Exercise inputs -
- - -

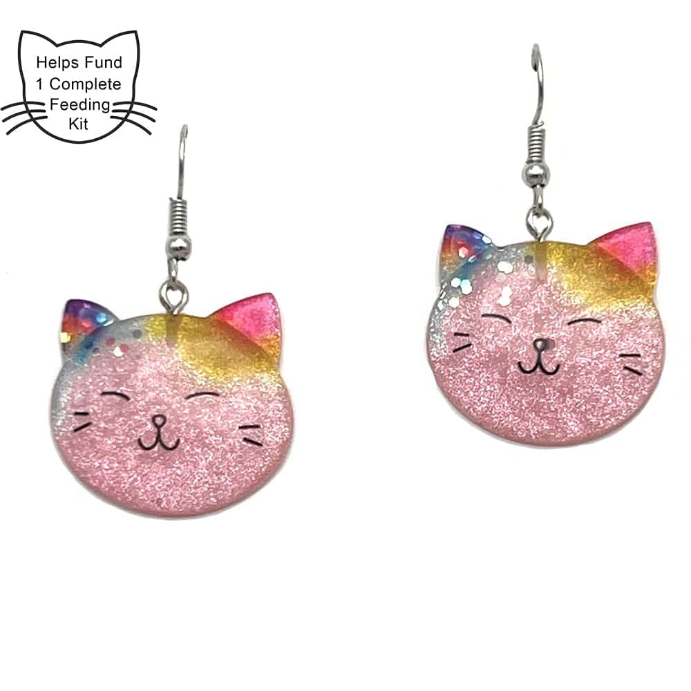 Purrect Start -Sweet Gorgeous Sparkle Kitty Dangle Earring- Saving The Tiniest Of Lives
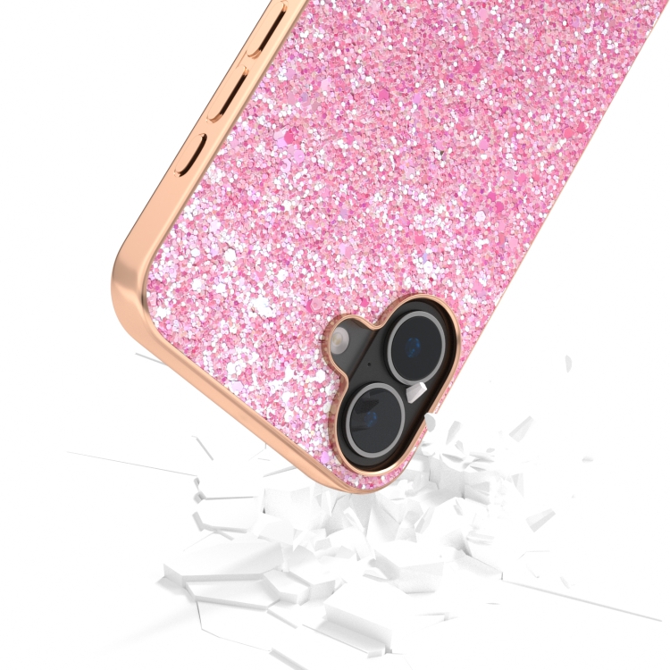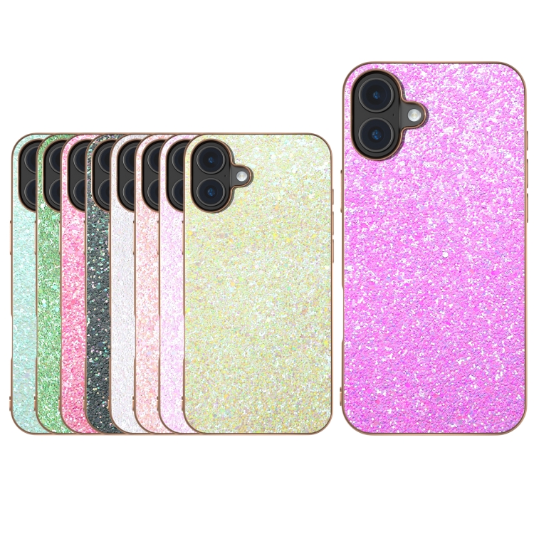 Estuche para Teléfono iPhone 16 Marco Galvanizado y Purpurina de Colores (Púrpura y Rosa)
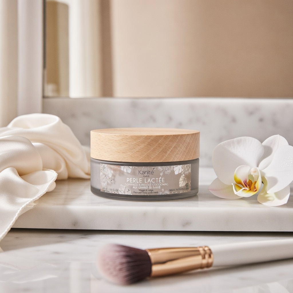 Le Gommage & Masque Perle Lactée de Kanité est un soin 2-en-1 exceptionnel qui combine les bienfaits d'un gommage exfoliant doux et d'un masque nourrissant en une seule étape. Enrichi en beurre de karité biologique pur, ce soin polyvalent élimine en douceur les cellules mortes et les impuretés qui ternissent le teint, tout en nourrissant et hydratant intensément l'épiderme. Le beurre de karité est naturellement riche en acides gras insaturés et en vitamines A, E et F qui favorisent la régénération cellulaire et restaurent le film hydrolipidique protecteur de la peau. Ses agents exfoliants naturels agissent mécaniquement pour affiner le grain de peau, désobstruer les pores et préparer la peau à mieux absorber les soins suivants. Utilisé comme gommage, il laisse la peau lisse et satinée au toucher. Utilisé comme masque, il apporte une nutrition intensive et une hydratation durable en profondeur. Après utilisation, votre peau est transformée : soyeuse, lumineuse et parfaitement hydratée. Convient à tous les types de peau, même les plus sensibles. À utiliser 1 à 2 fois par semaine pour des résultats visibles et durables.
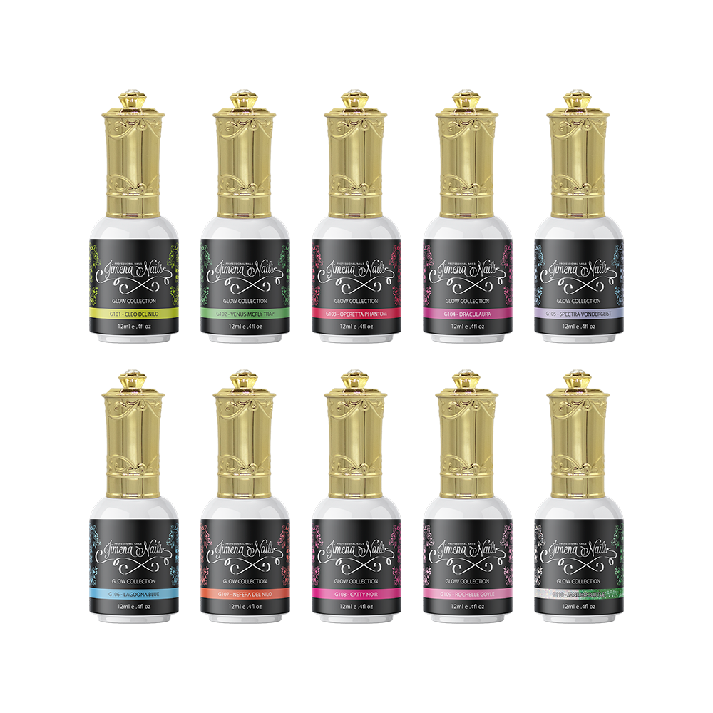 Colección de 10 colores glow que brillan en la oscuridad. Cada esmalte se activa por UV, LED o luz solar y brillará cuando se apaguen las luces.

- - -

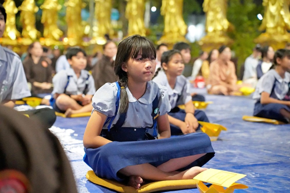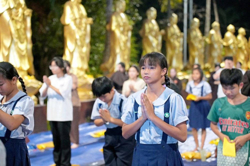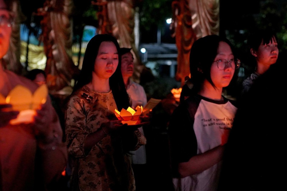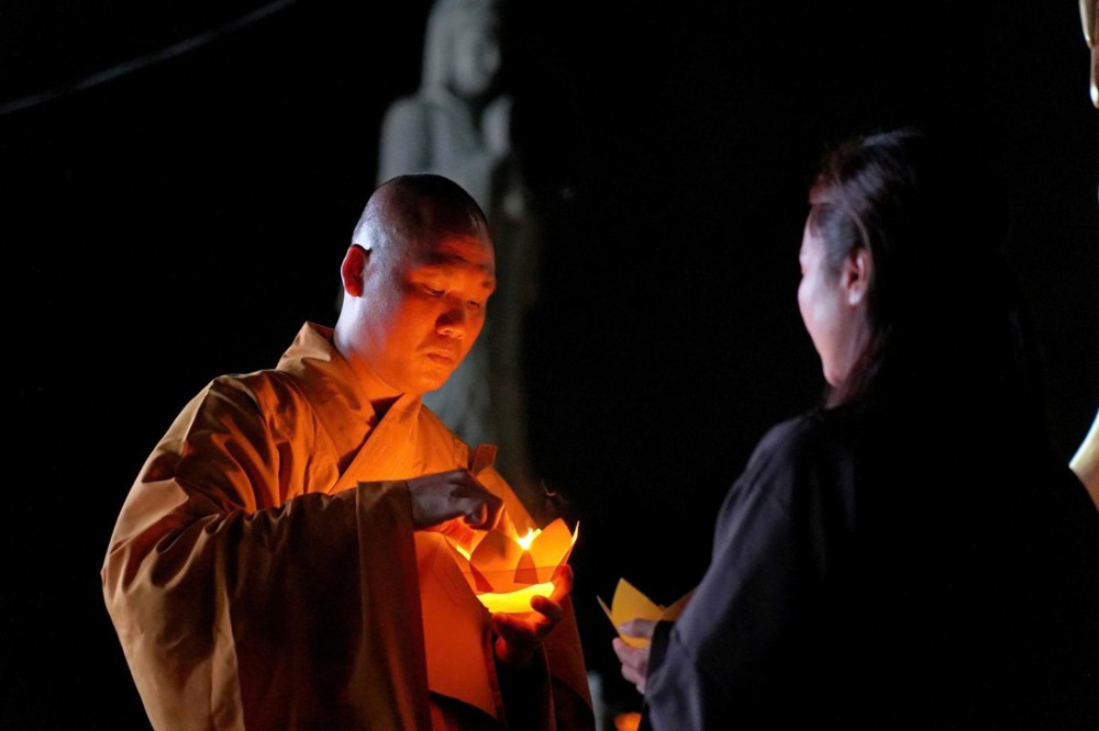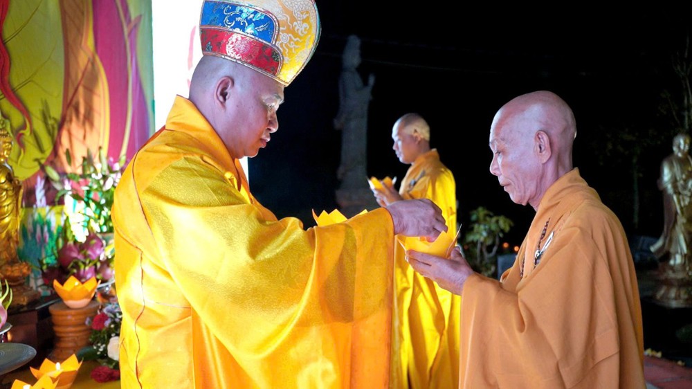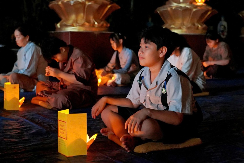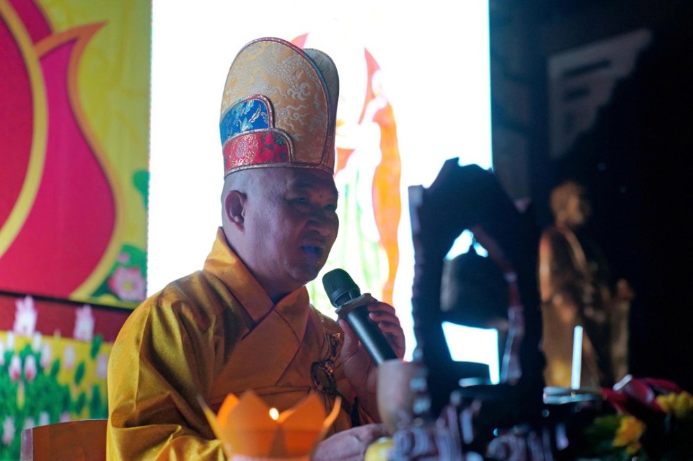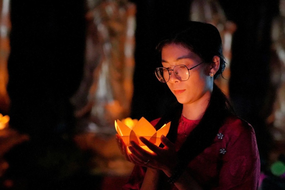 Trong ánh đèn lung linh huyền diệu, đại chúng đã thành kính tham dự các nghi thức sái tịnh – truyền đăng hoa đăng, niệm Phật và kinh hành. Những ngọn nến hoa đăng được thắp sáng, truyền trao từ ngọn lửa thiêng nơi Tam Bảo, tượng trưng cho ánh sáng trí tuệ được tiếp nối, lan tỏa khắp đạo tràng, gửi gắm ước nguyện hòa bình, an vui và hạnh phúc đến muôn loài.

- - -

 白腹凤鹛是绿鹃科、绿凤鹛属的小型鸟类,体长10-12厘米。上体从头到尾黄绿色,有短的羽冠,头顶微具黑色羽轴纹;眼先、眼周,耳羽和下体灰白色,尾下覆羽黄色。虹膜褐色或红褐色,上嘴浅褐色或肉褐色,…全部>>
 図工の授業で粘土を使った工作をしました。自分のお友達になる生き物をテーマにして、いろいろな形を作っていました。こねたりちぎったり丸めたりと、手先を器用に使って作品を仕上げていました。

- - -

Task prompt -
Transcribe, word for word, the stretch of lines in the data above from the one with "Purrect Start -Sweet" through the one with "Estuche para Teléfono"; omit all pictures.

Your solution -
 Purrect Start -Sweet Gorgeous Sparkle Kitty Dangle Earring- Saving The Tiniest Of Lives
 Estuche para Teléfono iPhone 16 Marco Galvanizado y Purpurina de Colores (Púrpura y Rosa)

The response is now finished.